■ **Exercise**:
Retype the data exactly, from its first line to the line containing "Navy/Salmon/Aqua Floral Crepe", including both, and skip any picture.
· · · · · · ·
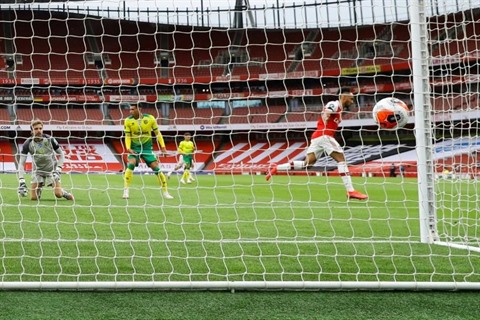 | L'attaquant d'Arsenal, Pierre-Emerick Aubameyang (droite), auteur d'un doublé lors du match de Premier League face à Norwich, à Londrs, le 1er juillet. |
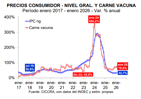 El informe toma los últimos datos del Indec sobre el IPC ( que marca un alza de 4,4% en la carne en enero 2026) y que de esta manera «se observó una desaceleración en el ritmo de aumento del precio promedio de los cortes vacunos, el cual fue de 3,6% mensual».
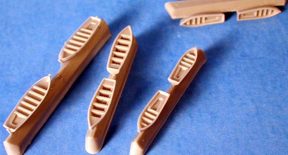 | The ships boats are very well cast with very nice detailing. Boat davits are extremely thin, but surpassingly strong thanks to the harder more durable resin that Combrig uses. | ![]() |
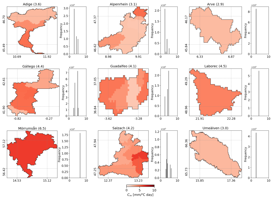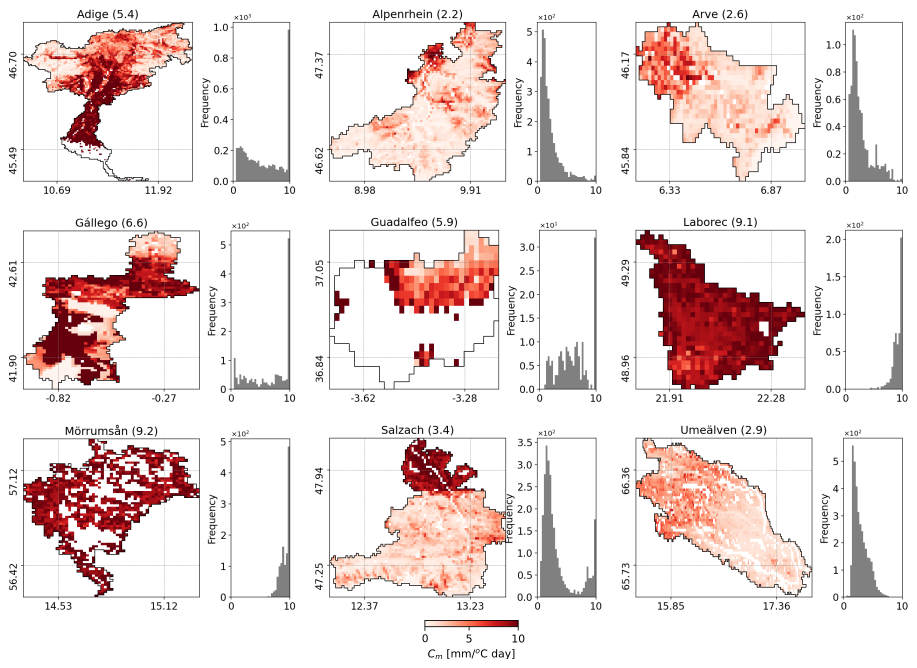 Figure 4Snowmelt coefficients resulting from optimization based calibration against earth observation SCF (EO-Cm) for the nine selected basins. The corresponding histograms are also included. Missing values (in white) correspond to masked areas, such as water bodies, or pixels that never experienced snow for the analysed period. Average values are reported within brackets.
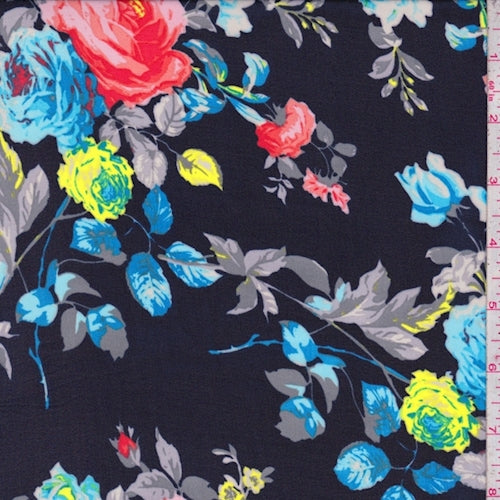 Navy/Salmon/Aqua Floral Crepe Georgette Fabric
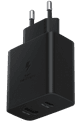 Charge 2 devices extra fast at the same time with the Samsung Super Fast Charging Charger with 2 USB Ports 35W. This charger has 2 fast charging ports and is suitable for fast charging all sorts of Samsung smartphones and tablets. With the USB-A fast charging port, you can fast charge all Samsung smartphones. After half an hour of charging, your empty battery is up to 40%. Use the USB-C Super Fast Charging port to charge your Samsung S series smartphone and S series tablet even faster. Half an hour of charging gets you up to about 60% for smartphones. The Samsung A52 and A72 also support extra fast charging. In addition, you can fast charge all smartphones and tablets that support Power Delivery. Some examples are iPhone and iPad models, but also Sony and Xiaomi devices. Keep in mind that the charger charges slightly slower when you charge 2 devices at the same time. Choose the Samsung 65W charger to charge multiple devices at maximum speed. A plastic cable is included with your smartphone. Choose a charger with a sturdy nylon cable if you want it to last longer.
· · · · · · ·
■ **Reply to the exercise**:
 | L'attaquant d'Arsenal, Pierre-Emerick Aubameyang (droite), auteur d'un doublé lors du match de Premier League face à Norwich, à Londrs, le 1er juillet. |
 El informe toma los últimos datos del Indec sobre el IPC ( que marca un alza de 4,4% en la carne en enero 2026) y que de esta manera «se observó una desaceleración en el ritmo de aumento del precio promedio de los cortes vacunos, el cual fue de 3,6% mensual».
 | The ships boats are very well cast with very nice detailing. Boat davits are extremely thin, but surpassingly strong thanks to the harder more durable resin that Combrig uses. | ![]() |
 Figure 4Snowmelt coefficients resulting from optimization based calibration against earth observation SCF (EO-Cm) for the nine selected basins. The corresponding histograms are also included. Missing values (in white) correspond to masked areas, such as water bodies, or pixels that never experienced snow for the analysed period. Average values are reported within brackets.
 Navy/Salmon/Aqua Floral Crepe Georgette Fabric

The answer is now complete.